BRIEF — The copy you give must match the lines from the top of the data through the line containing "Achteraan bevinden er" exactly, and it must hold no pictures.

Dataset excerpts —

···

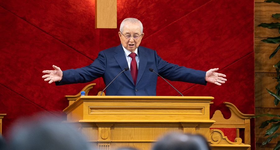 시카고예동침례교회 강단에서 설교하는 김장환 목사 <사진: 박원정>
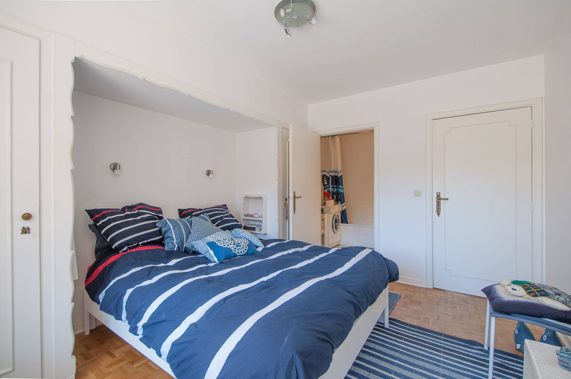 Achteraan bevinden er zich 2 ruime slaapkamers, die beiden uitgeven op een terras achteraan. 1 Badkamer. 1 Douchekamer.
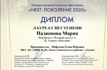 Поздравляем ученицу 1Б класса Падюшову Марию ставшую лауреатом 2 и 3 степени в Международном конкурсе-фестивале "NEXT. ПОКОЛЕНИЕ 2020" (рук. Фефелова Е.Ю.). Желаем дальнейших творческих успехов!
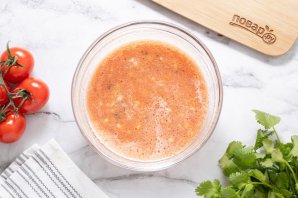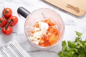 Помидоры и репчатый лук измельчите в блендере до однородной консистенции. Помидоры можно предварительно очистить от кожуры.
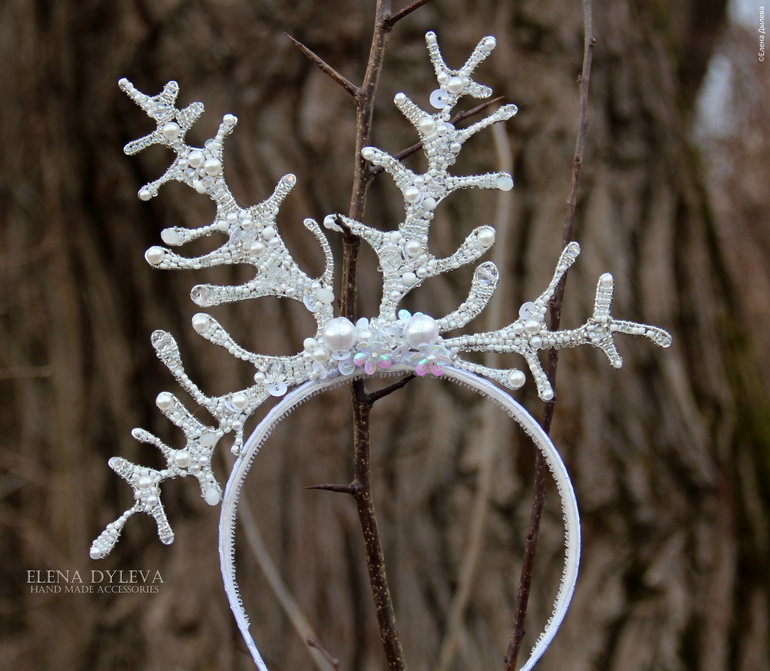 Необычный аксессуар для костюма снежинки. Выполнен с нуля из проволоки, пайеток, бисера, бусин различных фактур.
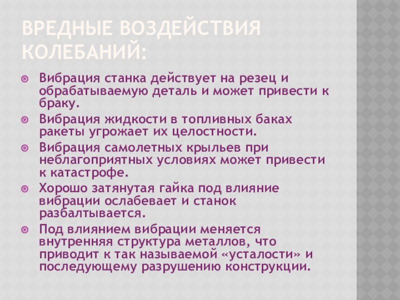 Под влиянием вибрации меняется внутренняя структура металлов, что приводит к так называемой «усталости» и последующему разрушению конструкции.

···

EXERCISE SOLUTION —
 시카고예동침례교회 강단에서 설교하는 김장환 목사 <사진: 박원정>
 Achteraan bevinden er zich 2 ruime slaapkamers, die beiden uitgeven op een terras achteraan. 1 Badkamer. 1 Douchekamer.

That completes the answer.